Among the entries below, count the lines that contain the word "kasteel". Respond with the count only.

TASK INPUTS
== Segment start ==

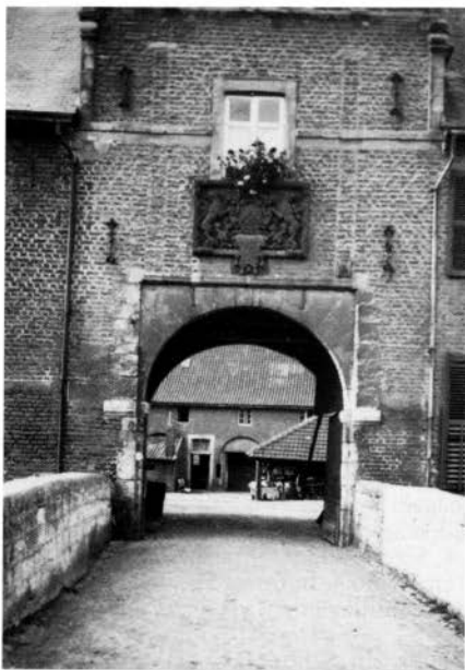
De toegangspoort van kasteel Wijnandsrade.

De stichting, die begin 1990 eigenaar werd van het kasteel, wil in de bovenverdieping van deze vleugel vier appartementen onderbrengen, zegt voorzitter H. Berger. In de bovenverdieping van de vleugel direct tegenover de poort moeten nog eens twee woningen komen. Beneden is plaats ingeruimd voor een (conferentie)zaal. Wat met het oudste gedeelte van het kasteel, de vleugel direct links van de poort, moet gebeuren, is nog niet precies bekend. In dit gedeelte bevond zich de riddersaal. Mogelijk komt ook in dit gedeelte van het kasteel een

== Segment end ==
== Segment start ==

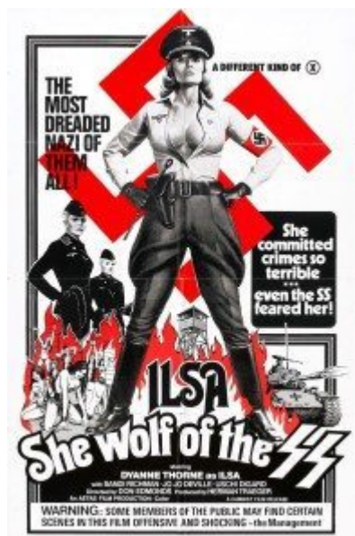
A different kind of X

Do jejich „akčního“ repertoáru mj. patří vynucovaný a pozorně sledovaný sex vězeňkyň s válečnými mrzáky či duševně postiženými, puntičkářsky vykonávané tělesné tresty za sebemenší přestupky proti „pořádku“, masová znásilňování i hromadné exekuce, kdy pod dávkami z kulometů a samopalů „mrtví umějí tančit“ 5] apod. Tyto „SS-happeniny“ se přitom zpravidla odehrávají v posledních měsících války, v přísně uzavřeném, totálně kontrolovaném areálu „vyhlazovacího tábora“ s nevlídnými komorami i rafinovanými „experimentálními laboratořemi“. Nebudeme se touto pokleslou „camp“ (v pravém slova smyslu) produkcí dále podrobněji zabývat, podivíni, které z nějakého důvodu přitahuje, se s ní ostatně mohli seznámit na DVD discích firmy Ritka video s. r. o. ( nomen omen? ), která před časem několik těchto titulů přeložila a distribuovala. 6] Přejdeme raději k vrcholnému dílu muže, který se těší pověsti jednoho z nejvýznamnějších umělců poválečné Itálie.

== Segment end ==

ANSWER SPACE
2